|5/5/2016 9:00:00 AM|
My masterpiece of mercy
BY RABBI DAN ORNSTEINJudaism understands mercy in two related ways: Mercy is a quality of character which exists within us yet which needs to be encouraged; mercy is also a way of behaving toward others, especially when we don't feel particularly merciful.
Both types of mercy imitate God who wants us to be merciful because God is merciful. Yet, even God, as it were, struggles with balancing divine mercy and God's strict sense of justice. According to my Jewish tradition, both must be balanced within God and within the world for the world to function, but "erring" on the side of mercy is our ideal.
Here is my story about my middle daughter, my masterpiece of mercy.

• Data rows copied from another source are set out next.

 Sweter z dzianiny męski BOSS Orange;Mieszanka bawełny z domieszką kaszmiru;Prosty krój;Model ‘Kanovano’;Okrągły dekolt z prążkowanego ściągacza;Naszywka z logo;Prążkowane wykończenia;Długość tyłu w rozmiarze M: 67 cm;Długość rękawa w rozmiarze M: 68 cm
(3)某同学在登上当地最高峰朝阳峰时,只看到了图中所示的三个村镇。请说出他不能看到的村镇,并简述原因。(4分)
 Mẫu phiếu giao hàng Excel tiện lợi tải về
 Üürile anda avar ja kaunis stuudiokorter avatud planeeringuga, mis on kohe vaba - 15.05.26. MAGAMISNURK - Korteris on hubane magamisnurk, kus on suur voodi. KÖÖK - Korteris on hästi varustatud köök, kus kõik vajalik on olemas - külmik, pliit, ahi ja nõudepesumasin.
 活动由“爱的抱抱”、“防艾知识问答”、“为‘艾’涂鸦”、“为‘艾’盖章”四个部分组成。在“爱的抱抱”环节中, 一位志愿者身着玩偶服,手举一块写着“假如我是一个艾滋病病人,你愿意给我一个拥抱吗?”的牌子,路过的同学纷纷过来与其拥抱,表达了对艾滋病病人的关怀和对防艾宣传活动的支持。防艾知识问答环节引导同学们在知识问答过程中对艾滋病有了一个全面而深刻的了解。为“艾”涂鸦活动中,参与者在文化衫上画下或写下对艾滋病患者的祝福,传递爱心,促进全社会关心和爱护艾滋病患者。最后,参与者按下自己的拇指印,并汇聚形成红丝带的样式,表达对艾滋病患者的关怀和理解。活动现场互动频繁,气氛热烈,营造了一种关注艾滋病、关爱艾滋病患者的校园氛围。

The woman walks up to me after morning services, her face uplifted and bright. "I wanted to let you know about some great news I got from my son," she grins. Those few moments after morning worship before I go back to my office are usually when members of the congregation tell me their worst news about sadness, illness, death. Her promise to tell me about something happy intrigues and relieves me.
"He has been writing since he was 16," she begins. "After more than 20 years of writing professionally, he sold a screenplay for a new movie. My husband and I will be visiting him on the set next week. This is true naches."

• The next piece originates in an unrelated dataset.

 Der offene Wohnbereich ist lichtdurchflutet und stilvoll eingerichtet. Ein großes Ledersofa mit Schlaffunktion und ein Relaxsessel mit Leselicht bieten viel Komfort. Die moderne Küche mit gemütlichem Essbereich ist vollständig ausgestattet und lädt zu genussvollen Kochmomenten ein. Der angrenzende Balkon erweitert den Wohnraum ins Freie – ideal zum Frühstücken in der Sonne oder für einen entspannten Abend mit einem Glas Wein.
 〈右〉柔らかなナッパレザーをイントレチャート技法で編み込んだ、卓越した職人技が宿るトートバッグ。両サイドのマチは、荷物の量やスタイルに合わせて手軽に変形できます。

Yes, I think, this is true "naches" - the Yiddish word for the beaming pride we feel at our children's accomplishments, as if they were our own. I am genuinely excited for her and her family.

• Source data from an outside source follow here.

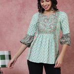 Cotton Short Length Length Printed 3/4 Sleeve Square Top
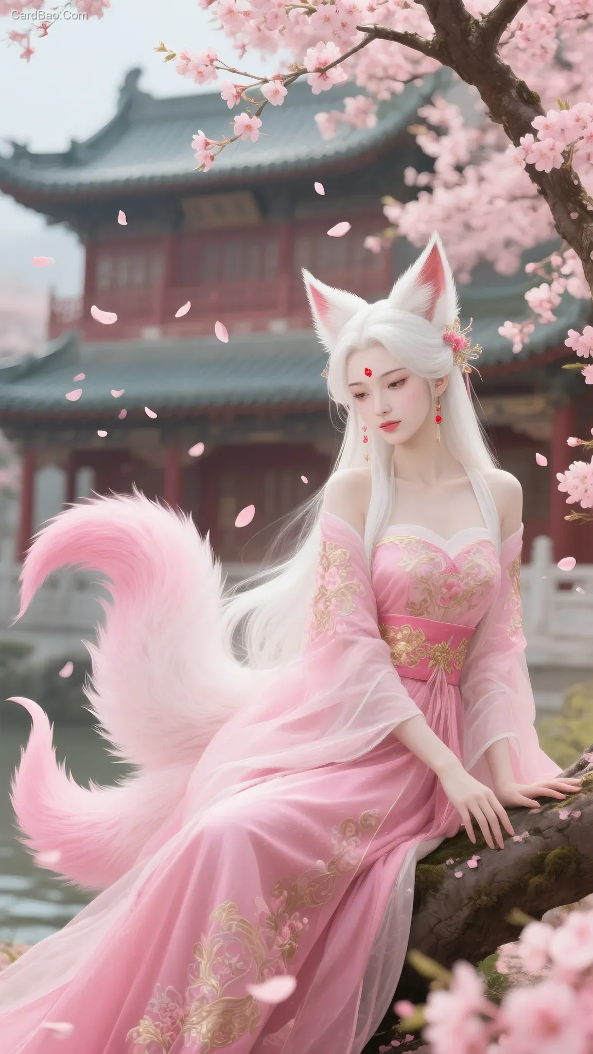 人形九尾妖狐人形,白色长发,绝世容颜,表情妩媚,穿着粉红色鎏金刺绣襦裙,额头朱砂点缀,斜倚桃花树下,粉红色尾巴,粉红色花瓣飘落,背景虚化古典楼阁,工笔重彩风格,HDR色彩强化。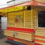 The main concept was to give more friendly and ecological look to a small pavilion. The main used material to decorate the old facade is wood. Furthermore new fresh vision is created without compromising the old construction or size of the object and we saved a lot of our client’s money. The wood has warm and friendly appearance and in combination with the colors of the brand creates a modern look and lightens up the mood of the clients. When the pavilion is closed the roof becomes a shutter that can be locked during the night.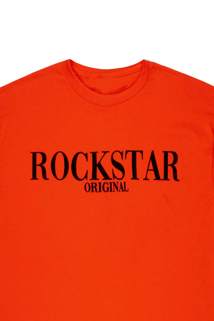 Rockstar Original Men’s tee inย orange. Featuring a velvet flocking RSO logo, crew necklineย and relaxed fit. This essential tee is made with premium cotton threading for all dayย comfort.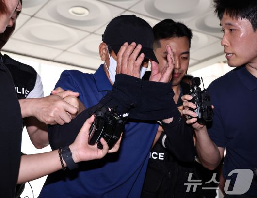숭례문 지하보도에서 60대 환경미화원을 살해한 혐의를 받는 리 모 씨가 4일 오후 서울 서초구 서울중앙지방법원에서 열린 구속 전 피의자 심문(영장실질심사)에 출석하고 있다. 2024.8.4/뉴스1 ⓒ News1 구윤성 기자 |

Yet, as I tell her this, Old Man Killjoy rolls out a familiar drum beat inside my head: "No reason why this couldn't have been you, if only you had chosen writing over being a rabbi. Still working on getting your masterpiece published?"
In one self-referential second, my happiness for her transforms into a tired whine about the writing career I cannot fully make time for, and the famous writer I know I will never be.
Being a rabbi, not a full-time writer, is where God and I have agreed, after some rough debate, that I am most needed and most capable. Because I love to write, I have chosen to try being a writer-rabbi.
I work hard at filling the cracks of lives and loves -- my own and those of the people I lead -- with words and sentences, some of which are mine, many of which belong to others. I want those words to stick, to give shape, texture and meaning to the chaos that being alive often entails. I tell Jewish tales to kids; I listen to my congregants' accounts of their pain, their joy, and their journeys; I teach the sacred stories of the Bible and the ancient sages who interpreted it; I write and attempt to contribute my voice to the ceaseless conversation of the Jewish people and our faith.
Shouldn't this be enough? Later, in my office, I brood over how, at times, it doesn't feel like this is enough. As word-hungry as I am, I am equally hungry for my own words to see the light of day.
At that moment, I remember a story that my wife had proudly told me the day before. The previous weekend, as she drove with our daughter along a Philadelphia street, a disheveled, homeless man approached our van, carrying a worn cardboard sign that told his devastating story.
"Mom, aren't we going to stop to give him something?" my daughter queried my wife urgently.
"No, honey, I don't think we will," my city-weary wife answered.
"Why not, mom? You have to," my daughter demanded.
"Well, honey, there is no way to know if he is telling the truth and there are so many people on the streets asking for money. Our family helps the poor in many other ways," my wife reasoned with her.
My daughter was unimpressed by her logic. She made her mother stop the van, rolled down the window, handed the man the one dollar she had and gently bade him good luck.
As he walked off, she explained to my wife that one of the most important things I had taught her was that we should give people asking for money the benefit of the doubt. If the man was telling the truth, then we fulfilled the religious obligation of tzedakah, giving to the poor. If he was lying, the sin is his, not ours.
Further, my wife and I never had to stand on a street corner to feed her and her siblings. She was painfully conscious of our privilege and of the ways in which the poor and their often decrepit appearances frighten people, who marginalize them as the other. She wanted to help the man by giving him money; but, more importantly, she wanted to show him dignity and kindness.
I sit thinking of my naches that this is the wonderful, open book of compassion and justice my daughter is becoming. She is writing her own story, yet I realize that she is also this growing masterpiece of mercy of which I am one author; a great work of art begun by me that will outlast me, and into which my signature is tightly woven.